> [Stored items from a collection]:
▬▬▬

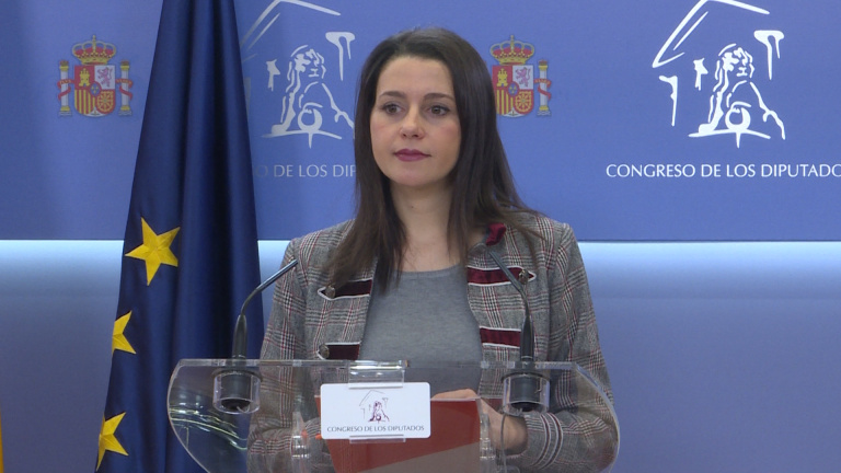 Imágenes de la presidenta y portavoz de Ciudadanos en el Congreso, Inés Arrimadas, en rueda de prensa desde la Cámara Baja.
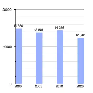 Gráfica de evolución demográfica de Municipio de Churumuco entre 2000 y 2020 |
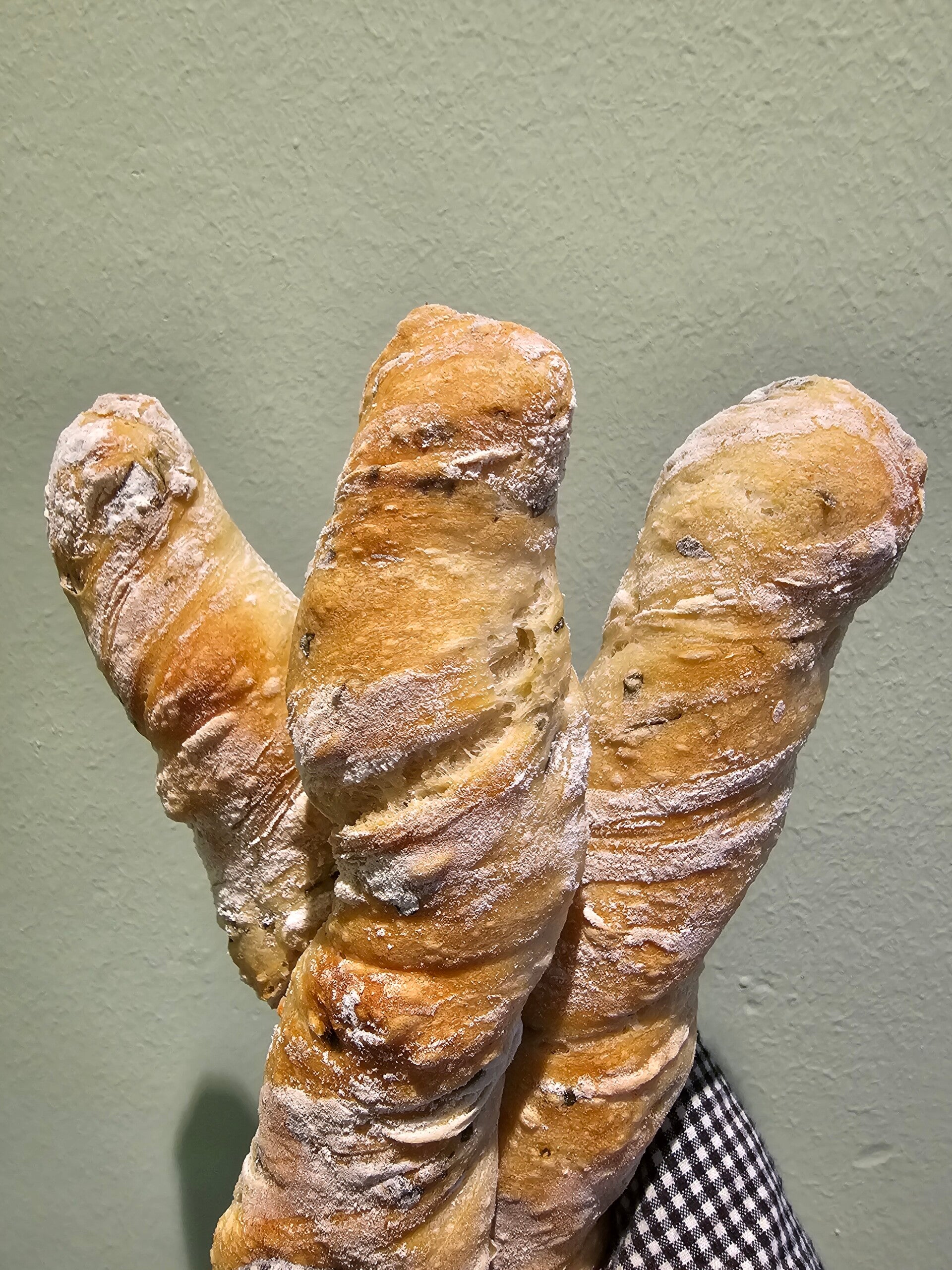 Unsere Dinkel Olivenstange ist jeweils von Montag bis Freitag erhältlich und passt perfekt zu deinem Salat oder Grill.
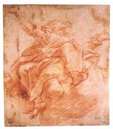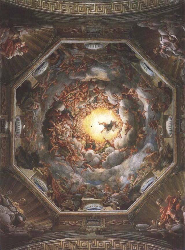 科雷乔的作品有一个为后人代代追摹的特色,那就是他用以彩绘教堂的天花板和穹窿顶的方法。他试图给予下面中殿里的礼拜者一种幻觉,好像天花板已经打开,他们一直向上看到了天堂的荣耀。他控制光线效果的技艺,使他能在天花板上画出阳光照耀的云彩,云彩之间的天使群好像双腿悬垂着在翱翔。听起来这也许不大庄严,当时也的确有人在反对。然而当你站在帕尔马城的黑暗、阴郁的中世纪的主教堂里,向上仰望圆顶时,仍然会产生深刻的印象(图217)。可惜这种效果不易在插图中复制。不过,幸运的是,我们依然拥有一些他在准备此画时所作的素描。图216是他表现圣母的最初构思:圣母乘云升天,出神地望着从等待她的天国中倾泻下来的光线。这幅素描显然比湿壁画中的形象易于理解,因为湿壁画中的人物变形得更为厉害。此外,我们还可以看到科雷乔以寥寥的几道粉笔线条就暗示出了那么耀眼的光线,手法是多么简洁。
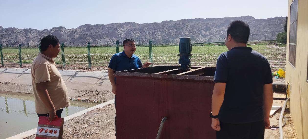 由于今年气象异常和棉田土壤盐渍化等问题,导致木沙艾力棉田中的棉花长势不好。针对此问题,张泽副教授给木沙艾力详细讲解了保水壮苗相关技术方法,推荐了用于保水壮苗的相关农资产品。随后,木沙艾力为张泽副教授介绍了新建的泵房和施肥装备,张泽副教授也为木沙艾力讲解了施肥设备的操作与注意事项,并为后期肥料施用方法进行了介绍。
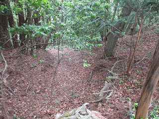 | 3郭の先は3段の急斜面の降りとなっている。 | 2郭から見た1郭の堀切。深さは2m程度と、浅いものである。 |
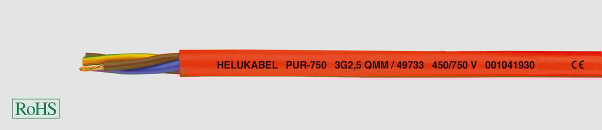 PUR kabel 750V med orange kappe. Kablet er særdeles velegnet som forbindelseskabel på byggepladser og andre steder med høj mekanisk belastning.
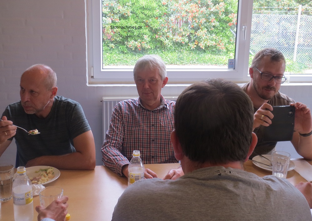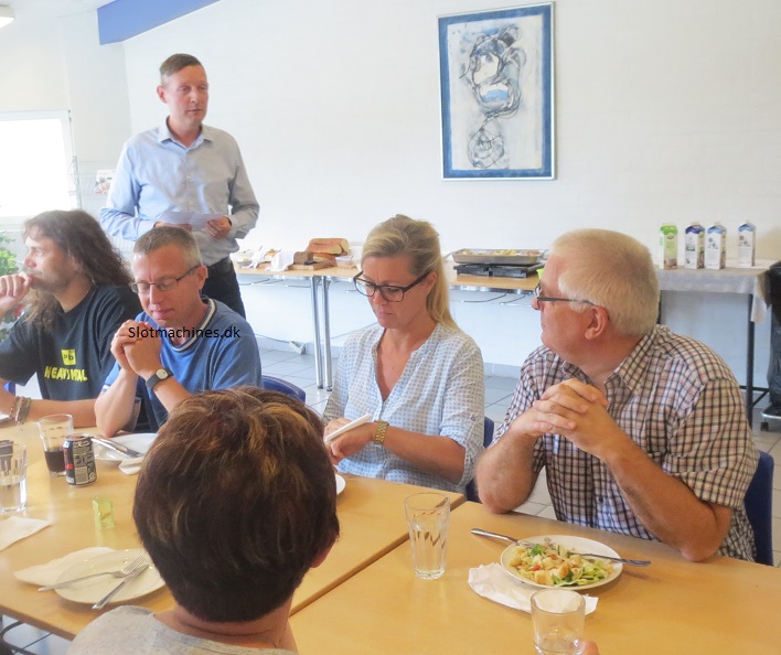 Det blev fejret med rundstykker og kage både i Esbjerg og Århus. I Esbjerg havde Kim lavet en fin tale til Frede i dagens anledning. Frede blev ansat på Energivej, lige inden der kom nye mønter. Her var der rigtig mange indkast som skulle kodes om. Frede har egenlig for det meste haft med ind og udbetalings-enheder at gøre. I dag efter at flere er stoppet i koncernen har Frede overtaget opgaven med at lave proto -metaldele til automaterne. Endvidere har han med de nye styringer til skærmmaskiner at gøre.
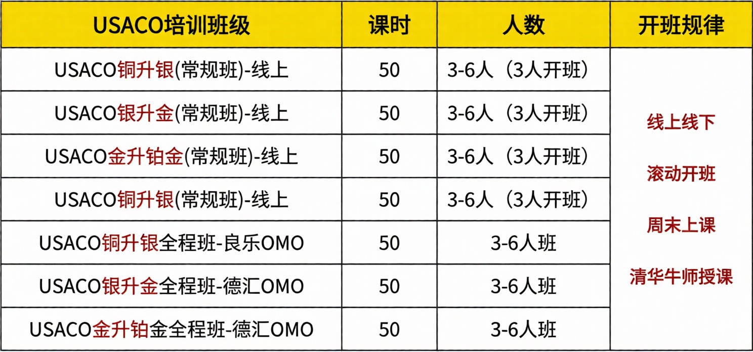 犀牛USACO计算机竞赛培训课程针对不同基础的学生,精心设计了从青铜到铂金的全程班、常规班、冲刺班等多种班型,以及铜升银、银升金、金升铂金等专项提升课程,课程语言有C++、Java、Python等专项辅导课程。
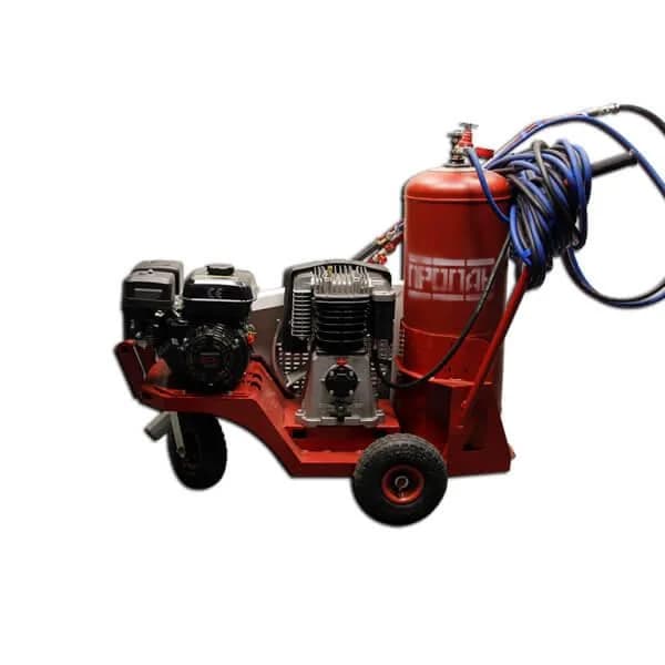 Тепловое копье для подогрева и продувки швов (с компрессорной установкой) — это автономная передвижная установка, оснащённая бензиновым двигателем, газовым баллоном с редуктором, воздушным компрессором и инжекторной газовоздушной горелкой.

▬▬▬

> [What to do]: Would you output the data exactly, without any of its images?

> [Exercise response]:
 Imágenes de la presidenta y portavoz de Ciudadanos en el Congreso, Inés Arrimadas, en rueda de prensa desde la Cámara Baja.
 Gráfica de evolución demográfica de Municipio de Churumuco entre 2000 y 2020 |
 Unsere Dinkel Olivenstange ist jeweils von Montag bis Freitag erhältlich und passt perfekt zu deinem Salat oder Grill.
 科雷乔的作品有一个为后人代代追摹的特色,那就是他用以彩绘教堂的天花板和穹窿顶的方法。他试图给予下面中殿里的礼拜者一种幻觉,好像天花板已经打开,他们一直向上看到了天堂的荣耀。他控制光线效果的技艺,使他能在天花板上画出阳光照耀的云彩,云彩之间的天使群好像双腿悬垂着在翱翔。听起来这也许不大庄严,当时也的确有人在反对。然而当你站在帕尔马城的黑暗、阴郁的中世纪的主教堂里,向上仰望圆顶时,仍然会产生深刻的印象(图217)。可惜这种效果不易在插图中复制。不过,幸运的是,我们依然拥有一些他在准备此画时所作的素描。图216是他表现圣母的最初构思:圣母乘云升天,出神地望着从等待她的天国中倾泻下来的光线。这幅素描显然比湿壁画中的形象易于理解,因为湿壁画中的人物变形得更为厉害。此外,我们还可以看到科雷乔以寥寥的几道粉笔线条就暗示出了那么耀眼的光线,手法是多么简洁。
 由于今年气象异常和棉田土壤盐渍化等问题,导致木沙艾力棉田中的棉花长势不好。针对此问题,张泽副教授给木沙艾力详细讲解了保水壮苗相关技术方法,推荐了用于保水壮苗的相关农资产品。随后,木沙艾力为张泽副教授介绍了新建的泵房和施肥装备,张泽副教授也为木沙艾力讲解了施肥设备的操作与注意事项,并为后期肥料施用方法进行了介绍。
 | 3郭の先は3段の急斜面の降りとなっている。 | 2郭から見た1郭の堀切。深さは2m程度と、浅いものである。 |
 PUR kabel 750V med orange kappe. Kablet er særdeles velegnet som forbindelseskabel på byggepladser og andre steder med høj mekanisk belastning.
 Det blev fejret med rundstykker og kage både i Esbjerg og Århus. I Esbjerg havde Kim lavet en fin tale til Frede i dagens anledning. Frede blev ansat på Energivej, lige inden der kom nye mønter. Her var der rigtig mange indkast som skulle kodes om. Frede har egenlig for det meste haft med ind og udbetalings-enheder at gøre. I dag efter at flere er stoppet i koncernen har Frede overtaget opgaven med at lave proto -metaldele til automaterne. Endvidere har han med de nye styringer til skærmmaskiner at gøre.
 犀牛USACO计算机竞赛培训课程针对不同基础的学生,精心设计了从青铜到铂金的全程班、常规班、冲刺班等多种班型,以及铜升银、银升金、金升铂金等专项提升课程,课程语言有C++、Java、Python等专项辅导课程。
 Тепловое копье для подогрева и продувки швов (с компрессорной установкой) — это автономная передвижная установка, оснащённая бензиновым двигателем, газовым баллоном с редуктором, воздушным компрессором и инжекторной газовоздушной горелкой.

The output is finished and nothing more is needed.